Microsoft Excel 2016 software (Microsoft Corp., Redmond, WA, USA) was used for data management, and the IBM SPSS Statistics software package (version 25; IBM, Armonk, NY, USA) was used for statistical analysis. The statistical analysis was conducted as published before [15]: We used Welch tests for comparisons of scores. Visualization, ventilation, handling, and combined scores were tested for noninferiority of single use bronchoscopy compared with conventional bronchoscopy. Noninferiority was considered established if the upper limit of the 95% confidence interval (CI) of the difference between the scores of the single use bronchoscopy group of the respective outcome variable did not surpass the mean of the score of the bronchoscopy group by 20% or more (lower scores indicate better performance). The 95% CIs of the mean of the scores were calculated as mean plus and minus the respective value of the t-distribution multiplied by the standard error of the mean calculated as the standard deviation divided by the square root of the sample size. We used linear mixed models with post hoc pairwise comparisons of estimated marginal means for hemodynamic and respiratory variables. In the mixed model analyses, fixed effects of the treatment groups, time points and group × time point, and random intercepts for patients were assumed, employing a variance component covariance matrix. Two-tailed p values < 0.05 were regarded as statistically significant.

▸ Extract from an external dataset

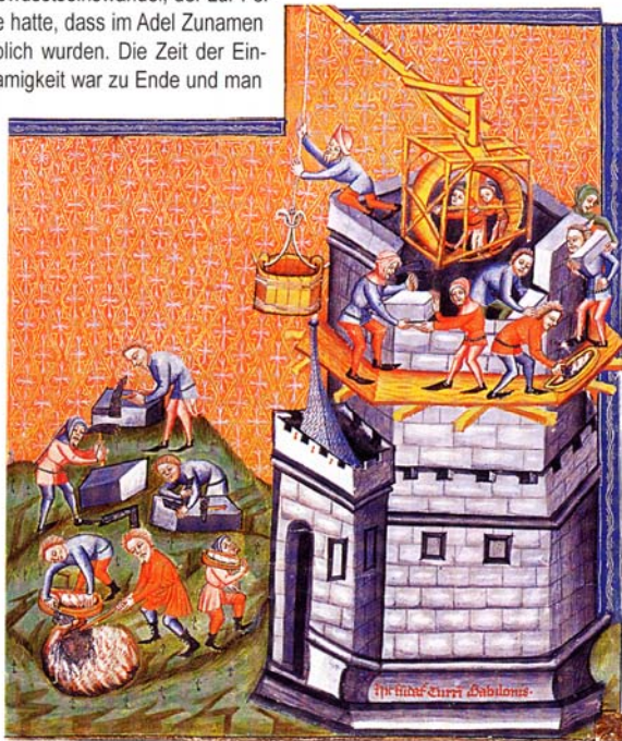
Bau eines Turmes: Steinmetze behauen Quader, Kalk wird gebrannt, ein Auslegekran mit Lauftrad befördert das Material zur Baustelle, Maurer errichten ein Stockwerk, Miniatur aus der Weltchronik genannten gotschen Handschrift von 1383

Mit zunehmender Ausbildung von Territorialherrschaften und örtlichen Gewalten im hohen Mittelalter wurden in wachsender Zahl Burgen zur Absicherung des Hausgutes und Landbesitzes der Feudalherren errichtet. Gleichzeitig entfalteten sich kleinere Herrschaftskreise auf regionaler und lokaler Ebene, und zwar so, dass auf unterschiedlichen sozialen Ebenen mit Hilfe von Waffen Schutz gewährt und der Friede gesichert wurde. Dieses Phänomen war der Ursprung für eine Herrschaft, deren Kristallisationspunkt auf der untersten Ebene der feste Sitz war. Diese räumliche Fixierung bewirkte schließlich auch einen Bewusstseinswandel, der zur Folge hatte, dass im Adel Zunamen üblich wurden. Die Zeit der Einnamigkeit war zu Ende und man

Between May 15 and November 1, 2019, a total of 46 patients receiving PDT for prolonged mechanical ventilation were randomized to either the SUB or the CONV group in a 1:1 ratio (see Fig. 1). Patients’ baseline characteristics are shown in Table 2.

Consolidated Standards of Reporting Trials (CONSORT) diagram

Full size image

All patients had a Cormack and Lehane score of 1 or 2. The mean procedure duration from skin incision to insertion of the tracheal cannula was 10 ± 6 min (mean ± standard deviation) in both groups (p = 0.767). The tubes’ inner diameters were similar in both groups (SUB: 7.7 ± 0.4 mm vs. CONV: 7.8 ± 0.3 mm, p = 0.699) and the cross-sectional areas remaining for ventilation during intervention were SUB: 28 ± 5 mm² and CONV: 29 ± 4 mm², p = 0.361.

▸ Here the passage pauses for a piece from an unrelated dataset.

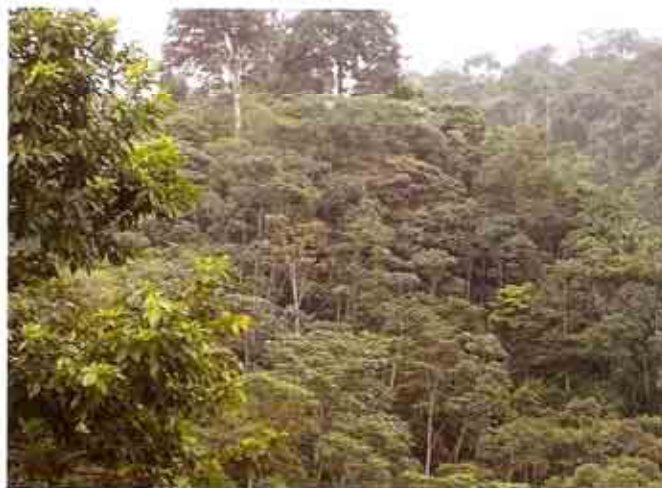
Bosques siempreverdes húmedos.

El bosque siempreverde húmedo de tierras bajas se ubica en la parte norte de la Cordillera de Mache Chindul, por debajo de los 300 msnm. Cubre una amplia franja que va desde la línea de costa en

Noninferiority for visualization (the primary endpoint) was demonstrated for the SUB group. Mean visualization scores were 4.1 (95% CI: 3.9;4.3) for the SUB group vs. 4.1 (4.0;4.2) for the CONV group with a mean difference of 0.0 (-0.2;0.3) (see Fig. 2). Ventilation was rated 2.6 (2.0;3.1) for the SUB group vs. 2.4 (2.1;2.7) for the CONV group, mean difference 0.2 (-0.4;0.8). Handling characteristics were rated at 1.2 (1.0;1.4) for the SUB and 1.3 (1.1;1.6) for the CONV group, mean difference -0.1 (-0.4;0.2). The total scores were 9.1 (8.2;10.0) for SUB and 8.9 (8.4;9.4) for the CONV group, mean difference 0.3 (-0.7;1.2).

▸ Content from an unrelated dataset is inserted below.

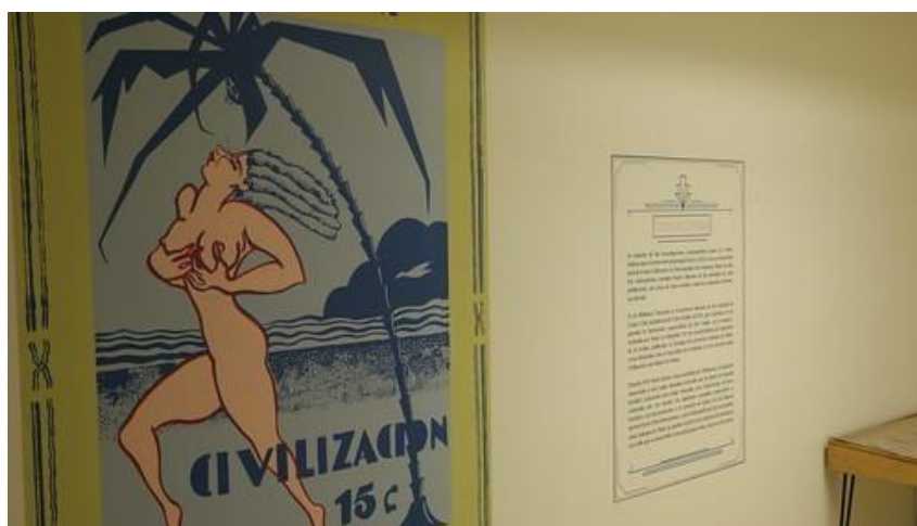
En “Motivo Tropical” es interesante observar cómo se representa la desnudez como un acto de libertad. 18

Rating of ventilation, handling, and visualization according to score. Lower scores indicate better performance. Error bars indicate 95% confidence intervals

Full size image

No significant difference regarding blood gas analyses and respiratory variables between the groups was found except for an increase in PaCO₂, etCO₂, FiO₂, and PaO₂, and a decrease in pH over the time course of the intervention (see Table 3). No procedure related adverse events occurred.

Cost calculation

In our intensive care units (total 140 beds), 1457 bronchoscopies were performed in 2019 with 24 reusable bronchoscopes equaling 61 bronchoscopies per bronchoscope per year. For the decontamination of one bronchoscope after use, 10 € are billed to our department, including labor costs. From 2017 to 2019, the overall repair costs for 24 bronchoscopes and the corresponding 12 light sources including maintenance and rental bronchoscopes for the temporary replacement of bronchoscopes in repair were 217,959 € equaling 72,653 € per year and thus 50 € per bronchoscopy.

Procurement costs are 14,000 € per bronchoscope and 2,000 € per light source. At a 2:1 bronchoscope to light source ratio, according to the compound value formula at an interest rate of 3% and a useful life span of 10 years per bronchoscope, the proportionate procurement costs are 33 € per bronchoscopy at 61 bronchoscopies per bronchoscope per year.

Therefore, in our institution, the overall costs per bronchoscopy with a reusable bronchoscope are 93 € (repair and maintenance: 50 €, decontamination 10 €, proportionate procurement costs 33 €).

In Germany, the list price of a single-use aScope bronchoscope is 230 € plus the required monitor. At a list price of 2322 € for the monitor, 122 bronchoscopies per year (mimicking the 2:1 bronchoscope to light source ratio) and a useful life span of 10 years, the costs are approximately 2.50 € per bronchoscopy for the monitor according to the compound value formula. Therefore, one bronchoscopy with a single-use bronchoscope adds up to 232.50 €.

Contamination

None of the reusable bronchoscopes showed any signs of contamination.

The present study aimed at comparing visualization, ventilation, and handling of single-use versus reusable bronchoscopes for PDT. We did not find any significant differences between the two methods concerning visualization, ventilation, and handling, and thus could show non-inferiority for single-use bronchoscopes in the setting of PDT.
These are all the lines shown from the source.